Его уверенный жалостливый взгляд пугал меня не меньше, чем молчаливость всех остальных.

— Я ничего не делала! — выкрикнула я в пустой попытке защититься.

— В твоих глазах теперь чужой взгляд, — сказал отец Генри, делая шаг ко мне.

— Потому что я видела отражение Дотти?

— Потому что ты видела свое отражение.

— Что за нелепость! — выкрикнула я, окидывая взглядом остальных. — Разве я сделала что-то бесчестное?!

Хелен пожала плечами и опустила глаза. Грейс, которую уже успели привести в чувство, разрыдалась. Хезер нахмурилась, но промолчала. А Джейн… вдруг подняла на меня взгляд и воскликнула:

— Сегодня ты была такой грубой! Я тебя слышала. Не только… не только про индюка. Простите, отец Генри, но всякое… Бормотала сама с собой…

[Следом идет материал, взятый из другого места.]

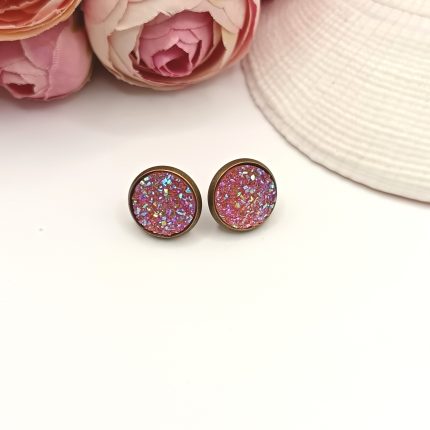 Antik bronz bedugós fülbevaló - csillogó rózsaszín lencsével 1100 Ft
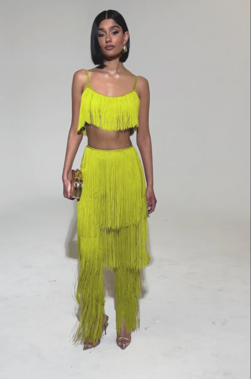 Shake and shimmy in The AKIRA Label Oh So Fringe Top in Green. Crafted from a sleek, stretchy fabrication, this bra top features a snug, supportive fit, an ultra-cropped silhouette, adjustable cami straps, a metallic back zipper closure, and tonal fringe detailing that moves with every step. Style with the coordinating Oh So Fringe Pants in Green for a fun, festive finish.
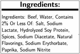 BEEF, WATER, CONTAINS 2% OR LESS OF: SALT, SODIUM LACTATE, HYDROLYZED SOY PROTEIN, SPICES, SODIUM DIACETATE, NATURAL FLAVORINGS, SODIUM ERYTHORBATE, PAPRIKA, SODIUM NITRITE.
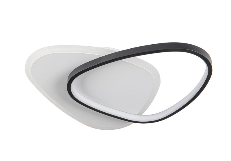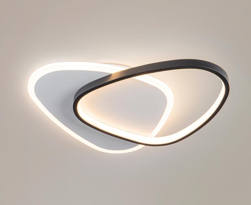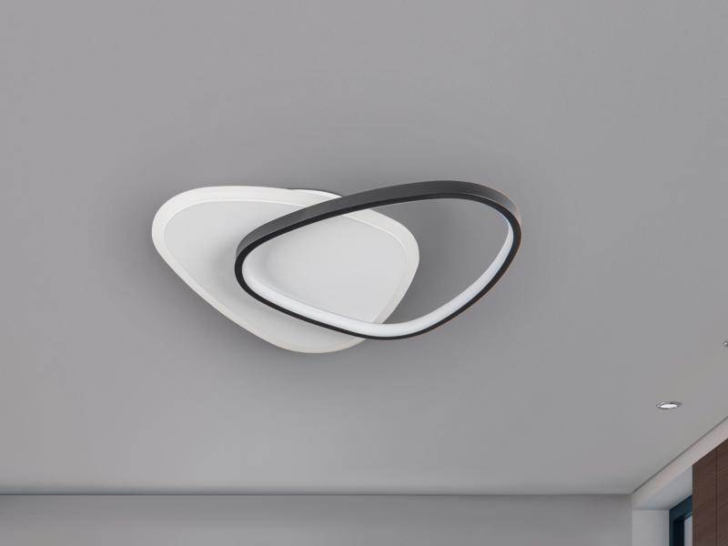 Plafón de techo o aplique de pared, realizado en metal acabado en blanco y negro mate. Difusor de acrílico opal. 28W, 3024lm, 3.000K
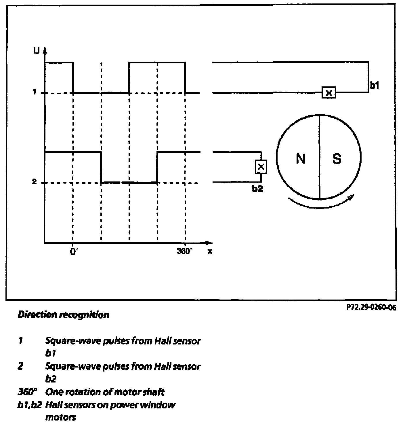 From the time difference between the pulses from Hall sensor b1 and the pulses from Hall sensor b2 the relevant control module recognizes the rotation direction of the power window motor.

Этих слов оказалось достаточно. Наставница Бернадин вскинула голову и крикнула:

— Хватайте ее!

Я бросила свой мешок на землю и помчалась в сторону леса. Куда угодно, лишь бы оказаться подальше от этих людей.

За моей спиной раздались крики, послышались топот бегущих ног, треск веточек и шепот обеспокоенной листвы. Я подняла платье повыше и понеслась еще быстрее, глотая холодный обжигающий воздух и выдыхая рваные клубы пара.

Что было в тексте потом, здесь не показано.